Why Apple Music Sessions will be the best use of Spatial Audio yet

It’s like Radio 1’s Live Lounge (if you’re a Brit) or MTV’s Unplugged (if you’re old enough to remember the early 90s), but this time we can enjoy it in the glorious and immersive Dolby Atmos from Apple Music. Improved spatial audio.

What is the problem? Good question – and if you’re an Apple Music subscriber, you should read on.

Apple has just launched Apple Music Sessions. The free rollout gives Apple Music subscribers, who total around 98 million or thereabouts (my membership is somewhere proudly in that number) exclusive access to live releases featuring some of the world’s most prolific and up-and-coming artists, all in Spatial Audio.

Apple says the sessions are recorded at Apple Music studios around the world, giving artists the ability to reimagine and recreate hits from their catalog, and create creative new covers.

And one of the best parts is that these unique performances are also filmed, resulting in a live collection of brand new Spatial Audio music tracks (the Apple technology that recently celebrated its first anniversary for music) and music videos live performance.

The early releases both have a country flavor in that they come from Carrie Underwood and Tenille Townes, recorded at Apple Music’s new state-of-the-art studios in Nashville, Tennessee. Both releases include three audio tracks and three videos – and after hearing them, I can tell you there’s a lot to celebrate.

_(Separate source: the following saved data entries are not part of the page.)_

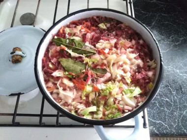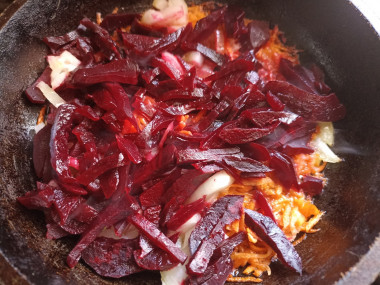 Затем добавьте свеклу. Уменьшите огонь, накройте сковороду крышкой и готовьте овощи до размягчения свеклы. В конце добавьте немного уксуса, чтобы сохранить яркий цвет свеклы. При желании можно добавить в зажарку при тушении еще сладкий болгарский перец и немного томата в виде пасты, сока или свежих илизамороженных помидоров. В кастрюле вскипятите воду. С выбором кастрюли для супа поможет статья по ссылке в конце рецепта.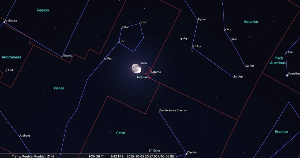 En esta ocasión, el 6 de octubre a las 2:57 horas de Tiempo Universal (octubre 5 a las 20:57 horas del centro de México), tendremos la conjunción de la Luna y Saturno, es decir, ambos cuerpos coincidirán en una de sus coordenadas celestes, la Ascensión Recta, y la Luna estará pasando a 3° 47’ al norte de Saturno. Nuestro satélite se encontrará en dirección de la constelación de Piscis, y Saturno en la constelación de Acuario. Para observar esta maravillosa postal, sólo tiene que levantar la vista al firmamento, no hace falta ningún instrumento óptico.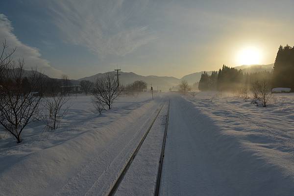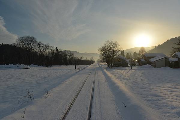16. 鐵道逐漸遠離夕陽,真是筆直的鐵道阿!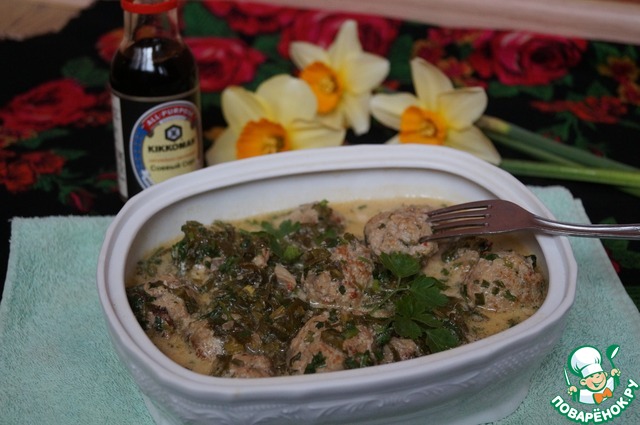 "Весенними" я назвала эти фрикадельки потому, что в них очень много зелени, а значит витаминов, которых нам так не хватает весной. Дополняет их пикантный соус, сметано - горчичный с щавелем и соевым соусом. В целом очень вкусное блюдо, которое можно подать как самостоятельное и с гарниром.
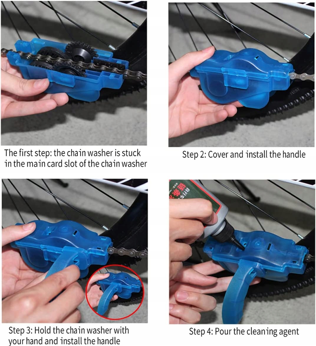 Приспособление для чистки с эргономичной ручкой: этот инструмент для чистки велосипедной цепи можно использовать для большинства приводных цепей и щеток, он очищает и ухаживает за каждым звеном цепи. Эти щетки для чистки велосипедной цепи тщательно очищают звездочку, звездочку, переключатели и тормоза. Комплект для очистки велосипедной цепи: включает в себя 1 устройство для очистки цепи; 3 щётки для цепей с нейлоновой щетиной для звеньев велосипедных и мотоциклетных цепей.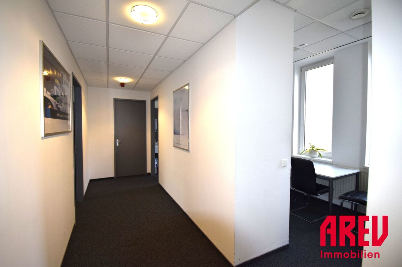 Betreten Sie Ihre neuen Räumlichkeiten und genießen Sie den Blick, der Ihnen täglich Inspiration für neue Projekte und Ideen liefern wird. Der hochwertige Teppichboden sorgt für eine angenehme Atmosphäre und ein angenehmes Arbeitsklima.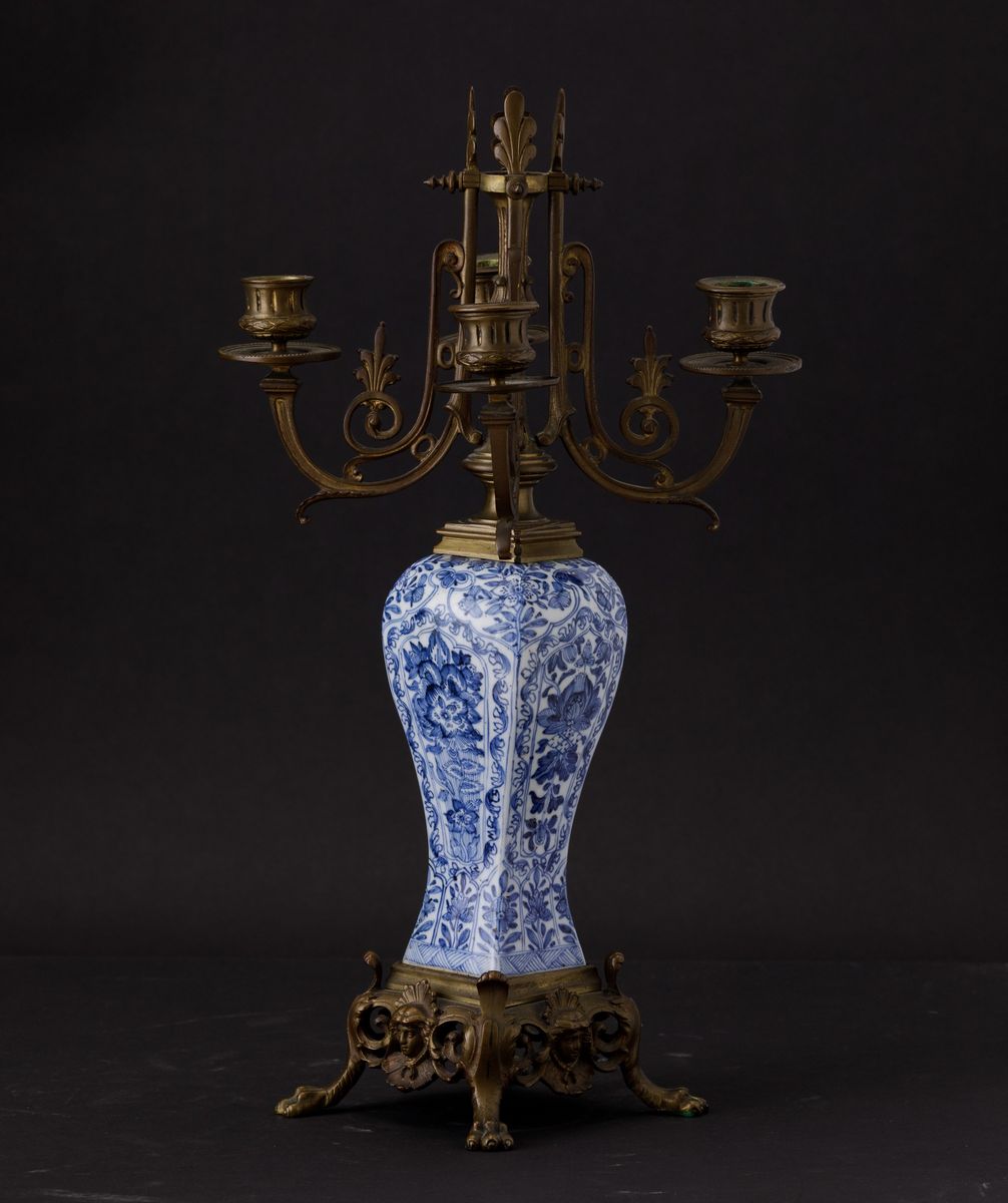 Vaso in porcellana bianca e blu con decori floreali entro riserve su montatura in bronzo dorato, Cina, Dinastia Qing, epoca Kangxi (1662-1722)

Opinion: Apple Music just makes Spotify look bad at this point – and so does Netflix

Netflix recently launched Spatial Audio – but like Dolby Atmos (whose badges seem to appear with alarming regularity on tablets such as the Amazon Fire HD 10 Plus, where the ability to deliver truly immersive aerial sound from those tiny tops built-in speakers can’t match that from a recording studio or theater 9.1.7) Not all spatial sounds are created equal.

Indeed, Netflix streams its Spatial Audio content using AMBEO 2-Channel, a technology licensed from Sennheiser that allows sound mixers to adapt Dolby Atmos soundtracks for Spatial Audio presentation on speakers. stereo.

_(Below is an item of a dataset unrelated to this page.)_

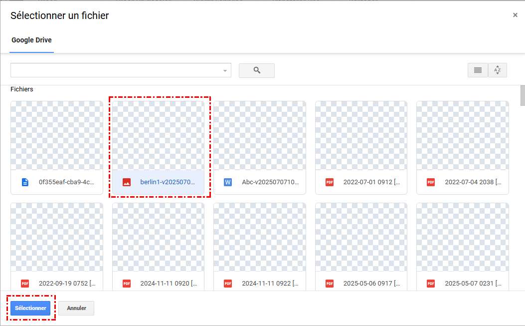4. Sélectionnez des fichiers ou des dossiers dans Google Drive, puis cliquez sur « Sélectionner ».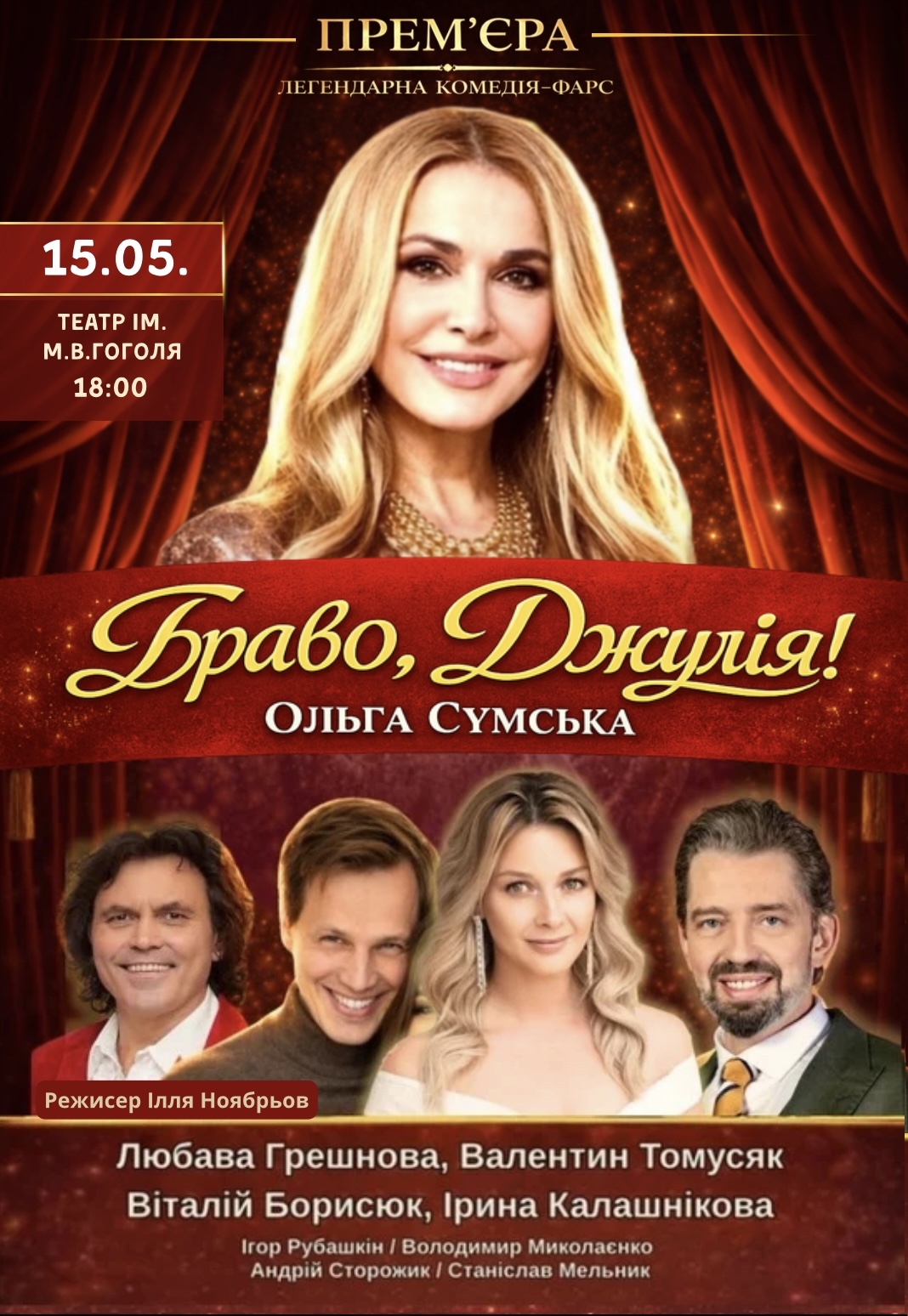 Спектакль "Браво, Джулия!". Премьера! состоится 15 мая 2026, 18:00, пятница в Академический областной музыкально-драматический театр им. Н.В. Гоголя. С помощью сервиса internet-bilet.ua, Вы сможете с легкостью забронировать, заказать и купить билеты на интересующий Вас концерт, спектакль, оперу, балет, мастер-классы, спортивные и детские мероприятия, оплатив их самым удобным для Вас способом: через интернет банковской картой VISA/MasterCard, наличными или курьером, если сделаете заказ билета c доставкой.

Apple’s Spatial Audio system, on the other hand, uses a 5.1, 7.1 or object-based audio track such as Dolby Atmos and as we know, Apple also manufactures the hardware with which to take fuller advantage of its Spatial Audio offering. If you’re listening to Apple Music Sessions on the Cupertino giant’s own AirPods Pro, AirPods Max or AirPods 3, these headphones take the Dolby Atmos music recording and process it on-device for an enhanced, head-tracking sound experience.

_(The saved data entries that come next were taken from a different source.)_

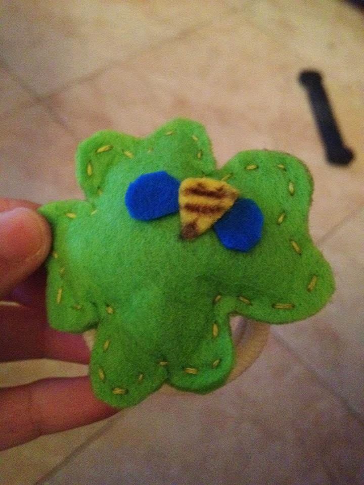El trébol de la suerte con la abejita que no puede faltar ¡Queda monísimo de coletero! :-)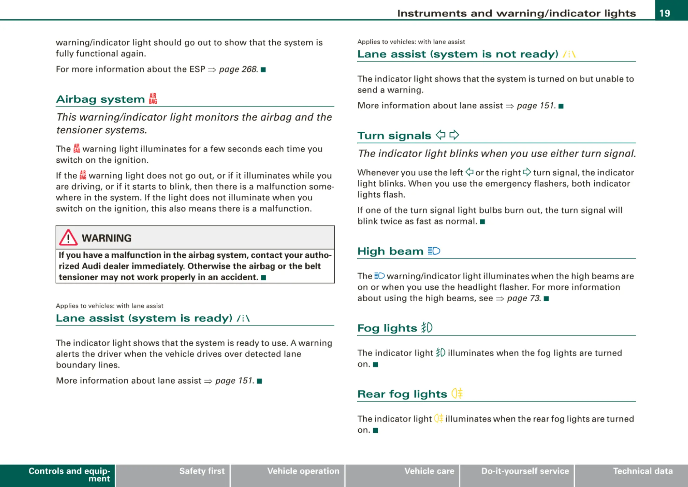 rized Audi dealer immediately. Otherwise the airbag or the belt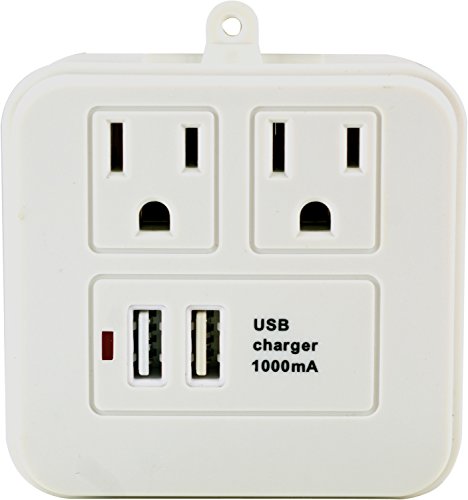 -. Feature : Provides two USB charging ports and two AC outlets / Removable shelf to hold your USB device during charging / Mounts securely to any standard wall outlet / Can be use with our without device shelf / 1.0A/5W charging power

And let’s not forget that Apple’s original HomePod also supports spatial audio, but the HomePod mini doesn’t. If the highly anticipated and still unofficial HomePod 2 supports Apple Music’s enhanced Dolby Atmos, we’ll all be in for a rare treat.

Now Spotify. The whole Apple Music Sessions concept looks like Apple’s answer to Spotify Sessions (opens in a new tab) (hardly subtle, right?), but let’s be honest: we know who wore it best. Spotify has yet to launch its higher-resolution Spotify HiFi level (which it promised to unveil by the end of 2021, but hasn’t) or to add Dolby Atmos-enhanced music to his work.

Despite the recent price increase for its student plan, Apple Music is, in my opinion, a cut above the rest and now even superior to the longtime audiophile choice, Tidal. And with Custom Spatial Audio on the horizon and more sessions promised, Tim Cook’s giant just presented the best case for switching music streaming services yet.